*** Block opens ***
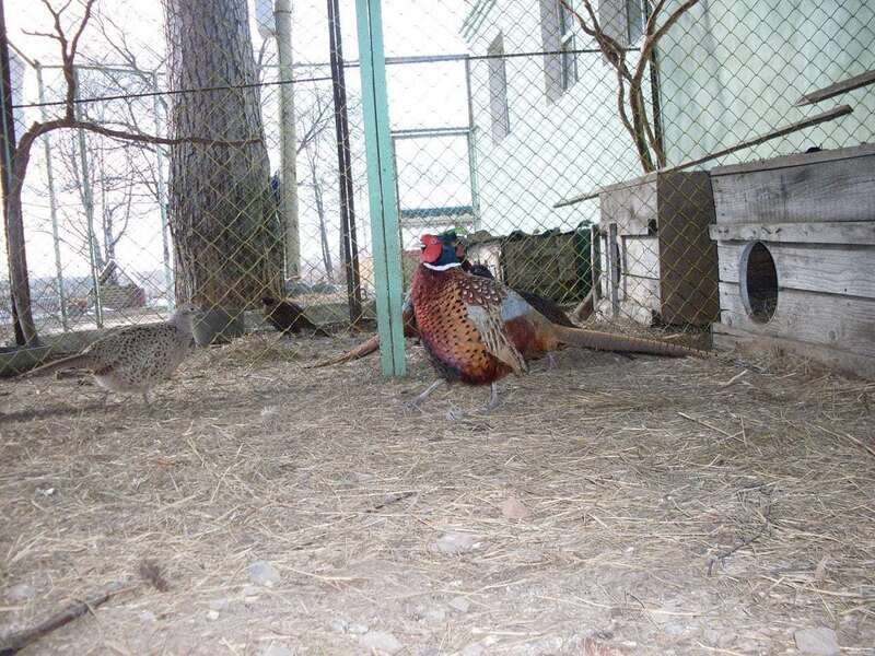 На территории гостевого комплекса в вольерах живут кролики, фазаны, курочки. Всех можно покормить и погладить.
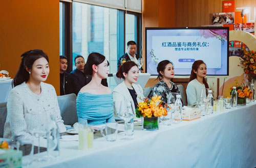 “一瓶酒所蕴含的哲理,胜过世界上所有书籍。”巴斯德的这句箴言,在彩蝶老师的课堂上,得到了生动的诠释。课程从红酒基础知识出发,带领学员走进葡萄酒的类型与分类,建立专业的品鉴认知;在酒杯选择环节,她细致剖析不同杯型的设计原理与适用场景,让学员明白——一只恰当的酒杯,是对酒本身的尊重,也是对席间人的体贴。商务选酒礼仪环节,彩蝶老师结合宴请、洽谈、庆典等不同场景,传授选酒策略与分寸把握;在倒酒与侍酒的实操中,从持杯姿势到倒酒分寸、从敬酒顺序到言行规范,每一个细节都在反复演练中内化为身体记忆。学员们不仅掌握了专业的品鉴方法,更在微醺中体悟到:真正的高级,是在推杯换盏间依然保持的从容与分寸感;而每一次举杯,都是一次慢下来欣赏生活、照见自己的机会。精彩的讲解让学员在掌握品鉴方法的同时,习得商务社交的从容分寸。大家不仅将红酒礼仪内化为职业素养,更懂得——职场中的每一次举杯,都是一次无声的表达;每一分得体的分寸感,都在为专业形象增添值得信任的份量。
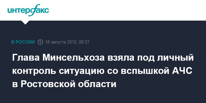 Москва. 16 августа. INTERFAX.RU - Министр сельского хозяйства РФ Елена Скрынник дала указания руководителям Россельхознадзора и департамента животноводства и ветеринарии выехать в Ростовскую область на крупный свинокомплекс, где был выявлен очаг африканской чумы свиней (АЧС), сообщил в субботу "Интерфаксу" официальный представитель Минсельхоза РФ Олег Аксенов.
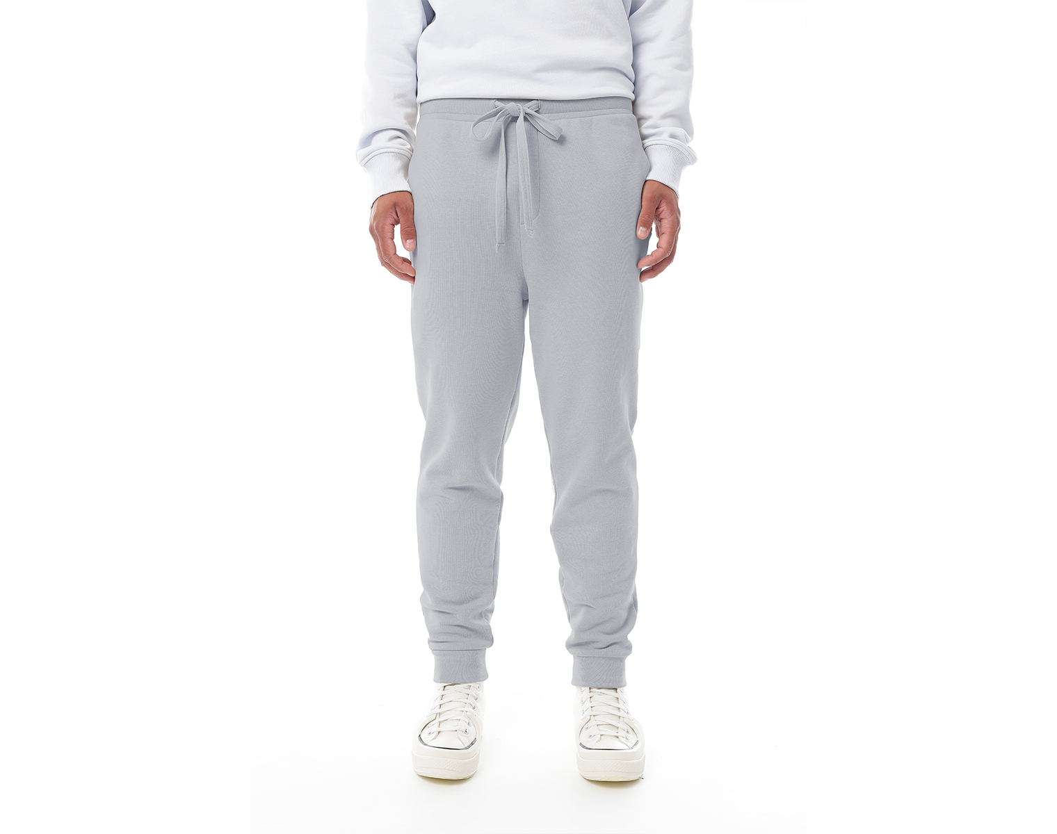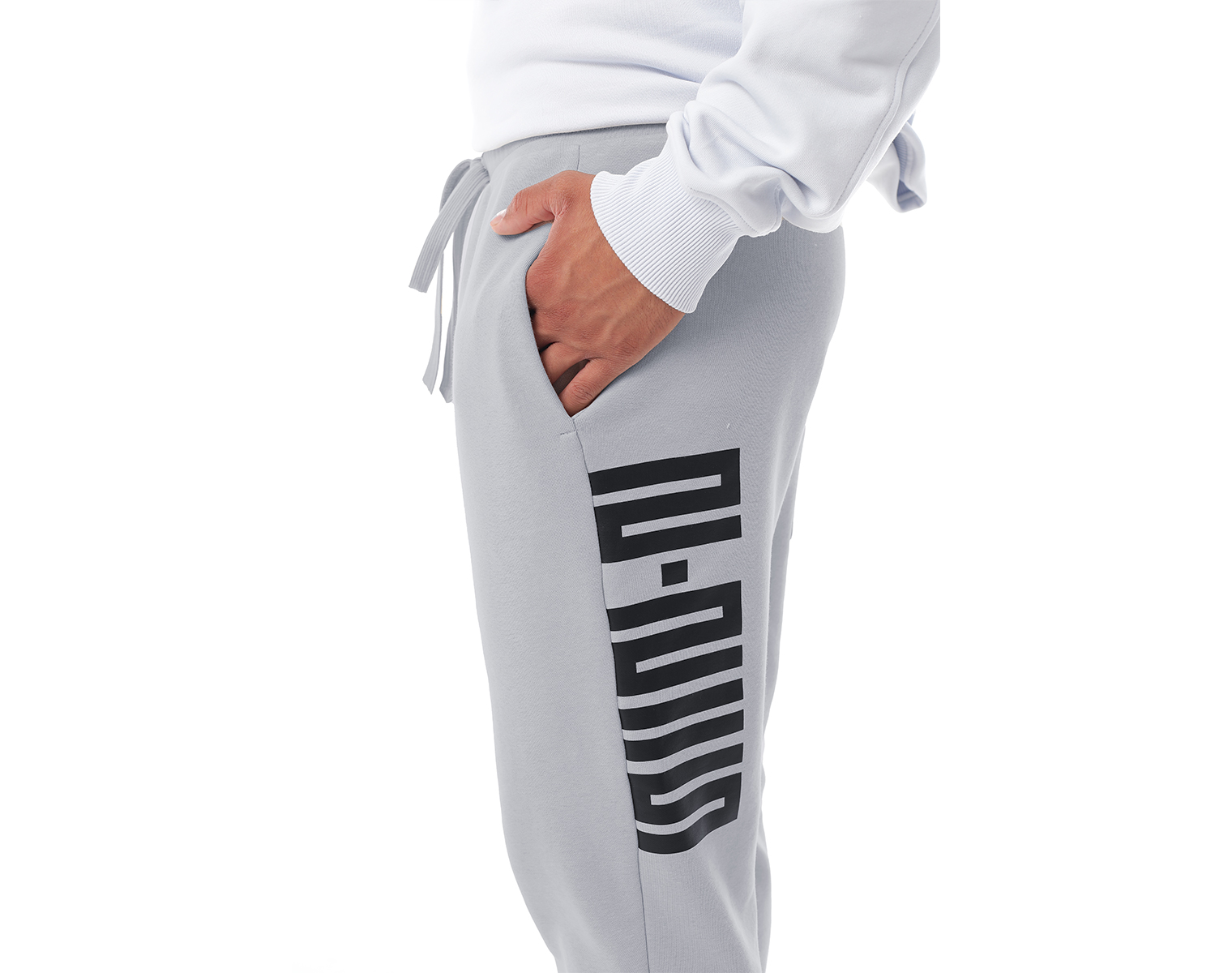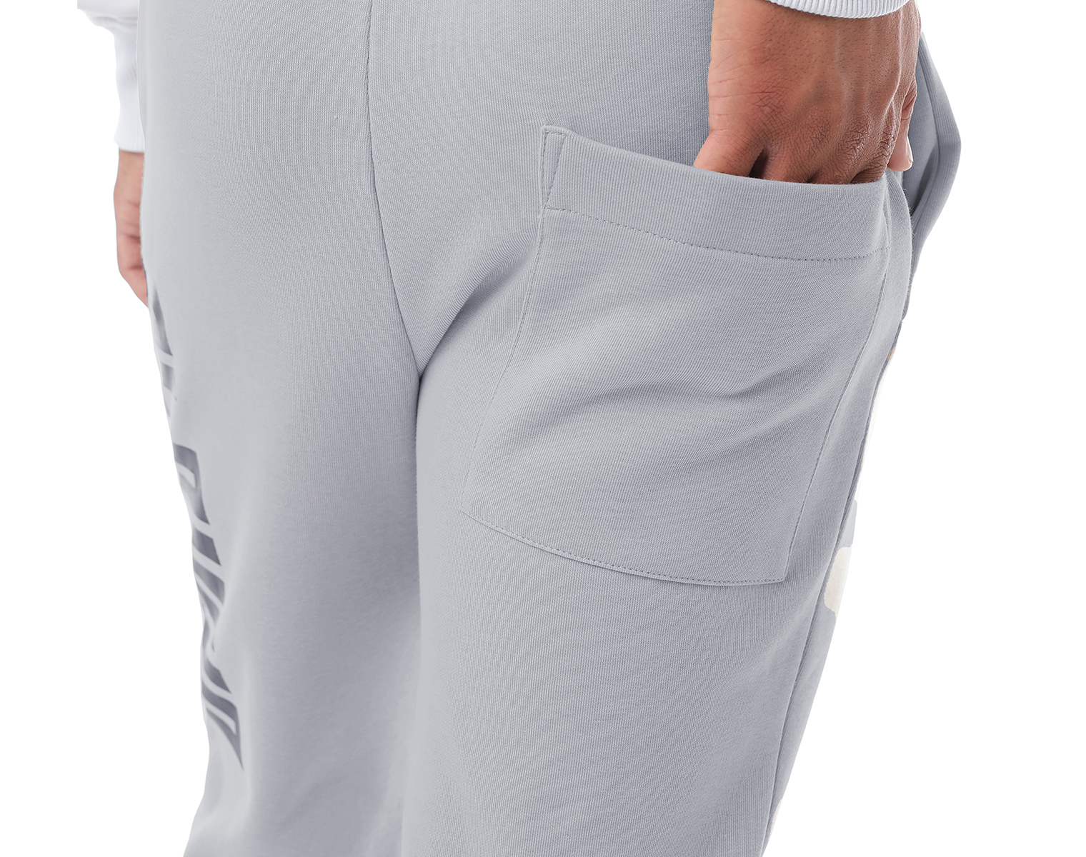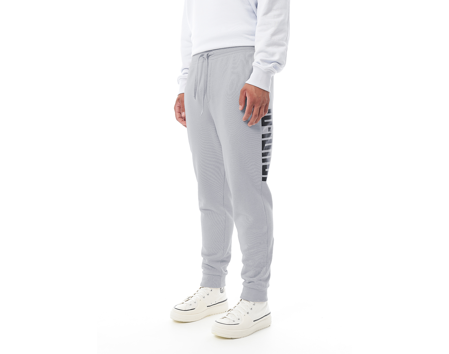 Трикотажные брюки-джоггеры на эластичном поясе-резинке и накладным карманом сзади. Серый меланж. Модель декорирована печатью в технике DTF. Мидлфит. 100% хлопок, 380 грамм.
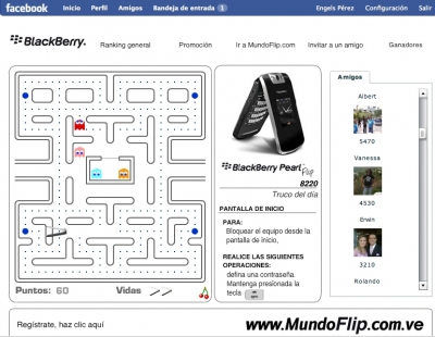 NOTA: Se trata de un aplicación en Facebook al estilo de Pacman, patrocinada porMovistar que requiere registro en un sitio web externo. En efecto sortean Blackberrys Pearl.
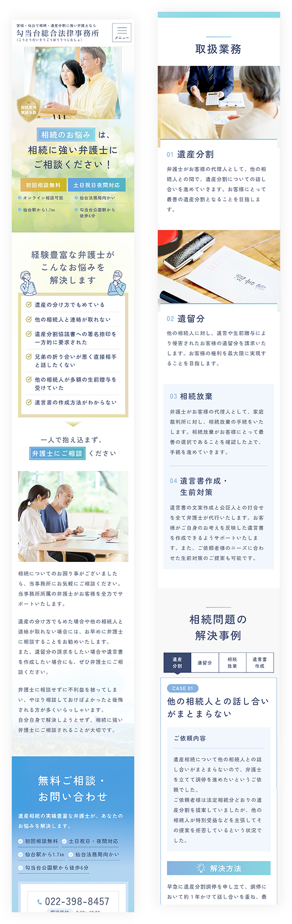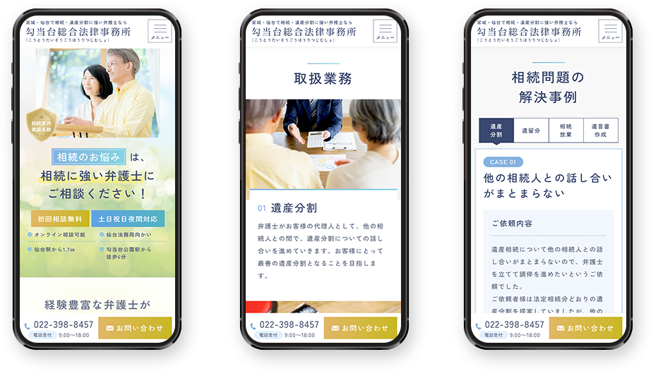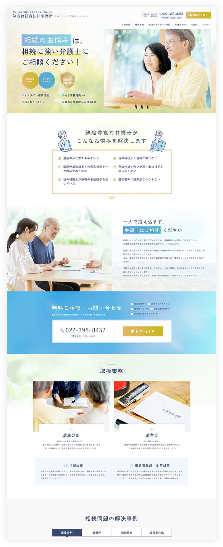 事務所の信頼性を伝えながらも、相談しやすい親しみやすさを表現したサイト
*** Block closes ***
TRY IT
From the material above, output every line exactly as written, dropping any picture.

TASK ANSWER
 На территории гостевого комплекса в вольерах живут кролики, фазаны, курочки. Всех можно покормить и погладить.
 “一瓶酒所蕴含的哲理,胜过世界上所有书籍。”巴斯德的这句箴言,在彩蝶老师的课堂上,得到了生动的诠释。课程从红酒基础知识出发,带领学员走进葡萄酒的类型与分类,建立专业的品鉴认知;在酒杯选择环节,她细致剖析不同杯型的设计原理与适用场景,让学员明白——一只恰当的酒杯,是对酒本身的尊重,也是对席间人的体贴。商务选酒礼仪环节,彩蝶老师结合宴请、洽谈、庆典等不同场景,传授选酒策略与分寸把握;在倒酒与侍酒的实操中,从持杯姿势到倒酒分寸、从敬酒顺序到言行规范,每一个细节都在反复演练中内化为身体记忆。学员们不仅掌握了专业的品鉴方法,更在微醺中体悟到:真正的高级,是在推杯换盏间依然保持的从容与分寸感;而每一次举杯,都是一次慢下来欣赏生活、照见自己的机会。精彩的讲解让学员在掌握品鉴方法的同时,习得商务社交的从容分寸。大家不仅将红酒礼仪内化为职业素养,更懂得——职场中的每一次举杯,都是一次无声的表达;每一分得体的分寸感,都在为专业形象增添值得信任的份量。
 Москва. 16 августа. INTERFAX.RU - Министр сельского хозяйства РФ Елена Скрынник дала указания руководителям Россельхознадзора и департамента животноводства и ветеринарии выехать в Ростовскую область на крупный свинокомплекс, где был выявлен очаг африканской чумы свиней (АЧС), сообщил в субботу "Интерфаксу" официальный представитель Минсельхоза РФ Олег Аксенов.
 Трикотажные брюки-джоггеры на эластичном поясе-резинке и накладным карманом сзади. Серый меланж. Модель декорирована печатью в технике DTF. Мидлфит. 100% хлопок, 380 грамм.
 NOTA: Se trata de un aplicación en Facebook al estilo de Pacman, patrocinada porMovistar que requiere registro en un sitio web externo. En efecto sortean Blackberrys Pearl.
 事務所の信頼性を伝えながらも、相談しやすい親しみやすさを表現したサイト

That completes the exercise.